_Exercise details_
Copy all data exactly. Skip pictures.
--- Information shown Enclosed Below ---
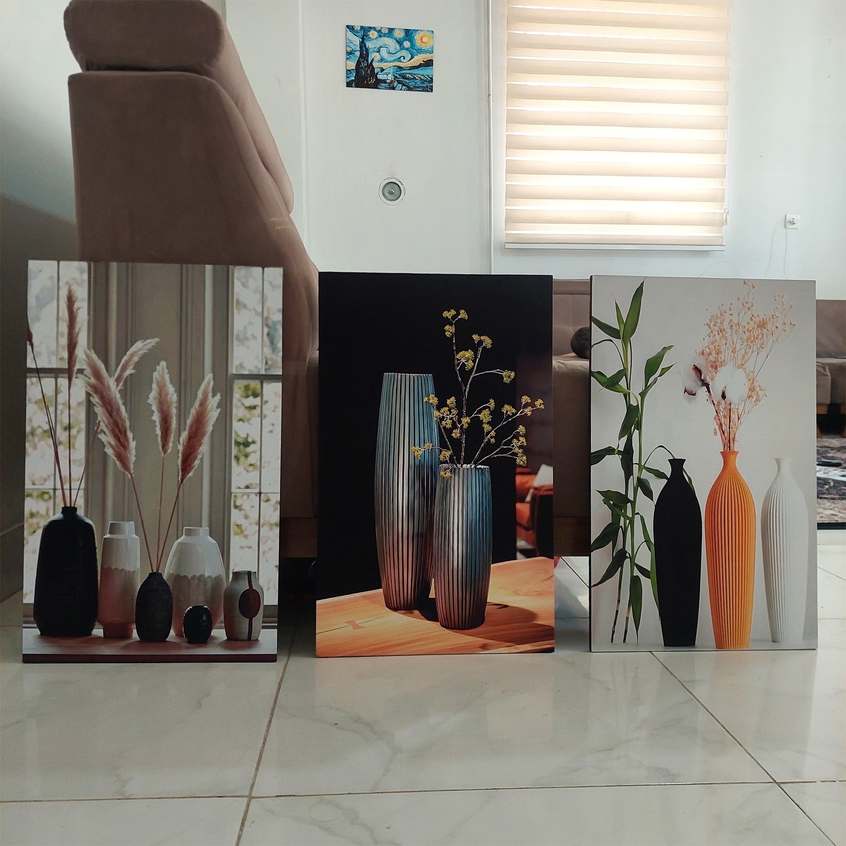 تابلوها به صورت چاپ عکاسی و چوب ام دی اف ❇️هر ست تابلوشامل سه عدد شاسی هست که سایز هر عدد شاسی 33 در 55 ❇️بسیار زیبا و چشم نواز ❇️کیفیت دقیقا مشابه عکسی که میبینید ❇️قابل پاک کردن با دستمال مرطوب ❌بدون قاب و شیشه
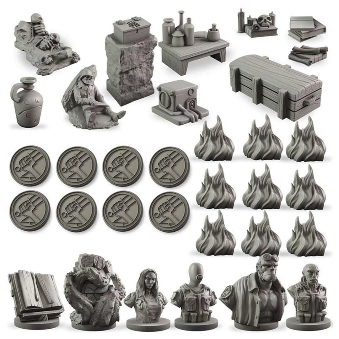 This set includes Points of Interest and 3D counters to enhance your games of Hellboy: The Board game. Contains: 4 Target Priority Busts 9 Transparent Orange Flame Markers Impending Doom Token Information Gathered Token 8 Investigation Tokens 10 Points of Interest
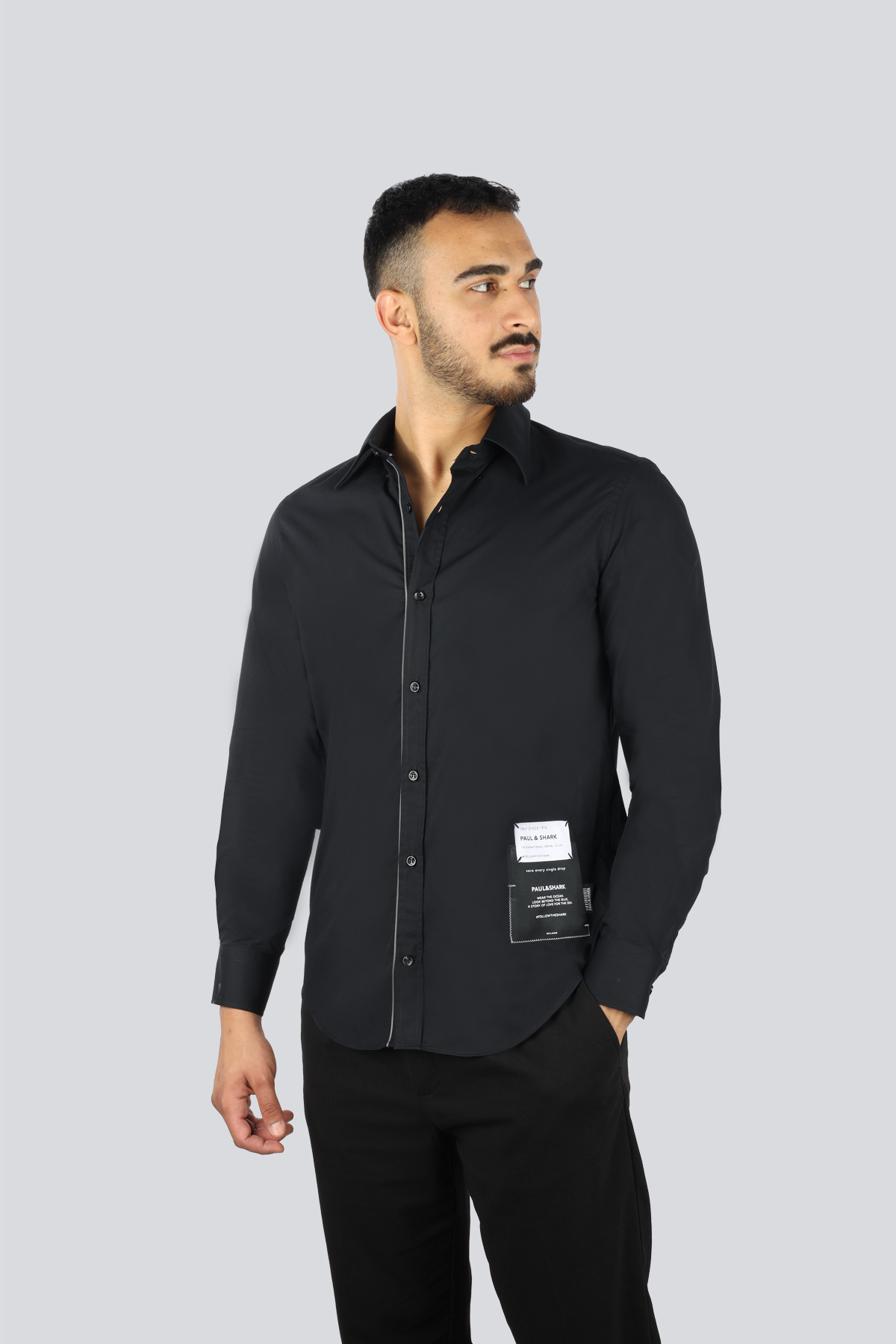 خرید اینترنتی پیراهن مردانه آستین بلند طرحدار نخی مشکی با چاپ لوگو، سایز معمولی، کد ۲۵۴۱۳۵۲۷-۰۱۱ برند پال اند شارک Paul&Shark اورجینال از Wejaar نمایندگی ترکیه
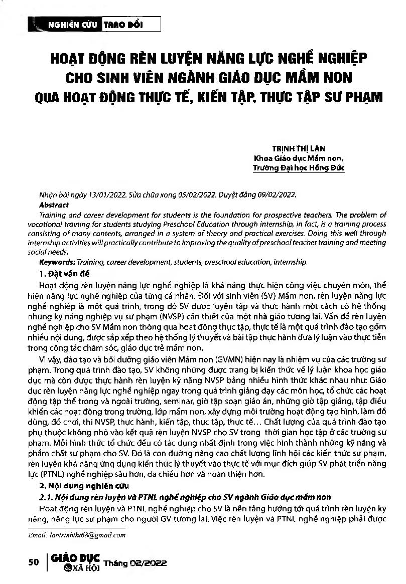 Hoạt động rèn luyện năng lực nghề nghiệp cho sinh viên ngành Giáo dục Mầm non qua hoạt động thực tế, kiến tập, thực tập sư phạm = Capacity building activities for Preschool Education students through pedagogical internship
--- End of Enclosed Information shown ---
_Output for this exercise_
 تابلوها به صورت چاپ عکاسی و چوب ام دی اف ❇️هر ست تابلوشامل سه عدد شاسی هست که سایز هر عدد شاسی 33 در 55 ❇️بسیار زیبا و چشم نواز ❇️کیفیت دقیقا مشابه عکسی که میبینید ❇️قابل پاک کردن با دستمال مرطوب ❌بدون قاب و شیشه
 This set includes Points of Interest and 3D counters to enhance your games of Hellboy: The Board game. Contains: 4 Target Priority Busts 9 Transparent Orange Flame Markers Impending Doom Token Information Gathered Token 8 Investigation Tokens 10 Points of Interest
 خرید اینترنتی پیراهن مردانه آستین بلند طرحدار نخی مشکی با چاپ لوگو، سایز معمولی، کد ۲۵۴۱۳۵۲۷-۰۱۱ برند پال اند شارک Paul&Shark اورجینال از Wejaar نمایندگی ترکیه
 Hoạt động rèn luyện năng lực nghề nghiệp cho sinh viên ngành Giáo dục Mầm non qua hoạt động thực tế, kiến tập, thực tập sư phạm = Capacity building activities for Preschool Education students through pedagogical internship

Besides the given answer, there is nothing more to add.